Ханан смотрит на Эноха, словно ждет продолжения, но его собеседник явно не горит желанием развивать эту тему.
Ханан. А все остальные?
Энох. Тоже в порядке.
Ханан. Ну, а…
Энох (поспешно перебивая, кричит через площадь). Реб Вульф! Реб Вульф! Я совсем забыл вам передать… Извини, Ханан.
Энох переходит к двум старикам, оставляя Ханана в недоумении. На площадь, толкая перед собой грубо сколоченную двухколесную тележку, входит Женщина. На тележке — больная Девочка. Женщина останавливается около Ханана.
Женщина (Ханану). Добрый день, молодой человек. Не подскажете ли, где тут дом реб Сендера?
Ханан. Да вот он.
Женщина. Ну, слава Богу, дошли…
Женщина осторожно закрепляет телегу в наклонном положении, щупает лоб дочери, озабоченно качает головой, подтыкает тряпичное одеяло, оглядывается. Энох издали наблюдает за ее диалогом с Хананом.

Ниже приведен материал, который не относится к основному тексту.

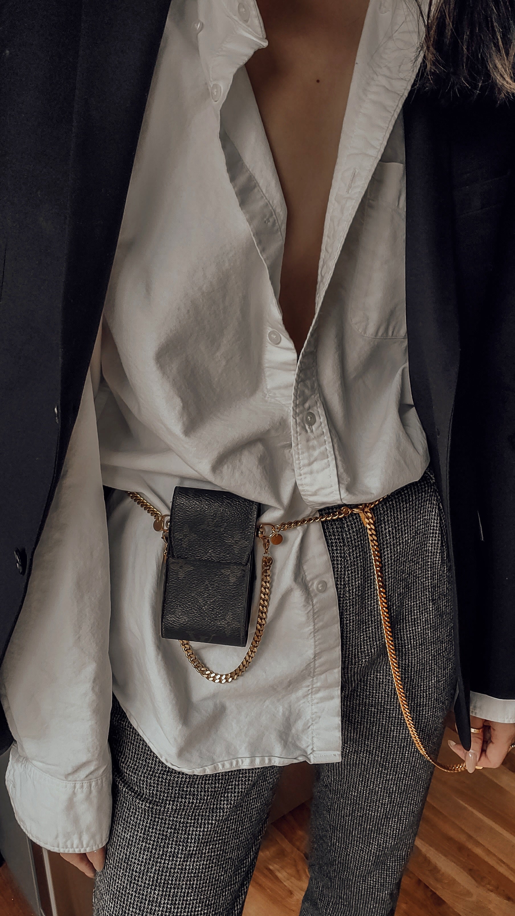 Authentic vintage Louis Vuitton mini pouch converted into a practical and versatile pouch on chain that can be worn crossbody, on the shoulder, or around the waist! See photos for styling ideas

Женщина. Что же народу-то совсем нету?
Ханан. А должен быть?
Женщина (недоуменно). Конечно. Как же иначе? Такое событие… У нас говорили, что даже из соседних губерний приедут. Раввины, цадики, просто люди… Я вот и дочь привезла… (утирает слезу) Может, какой-нибудь святой раввин поможет… совсем девочка расхворалась.
Ханан. О каком событии вы говорите?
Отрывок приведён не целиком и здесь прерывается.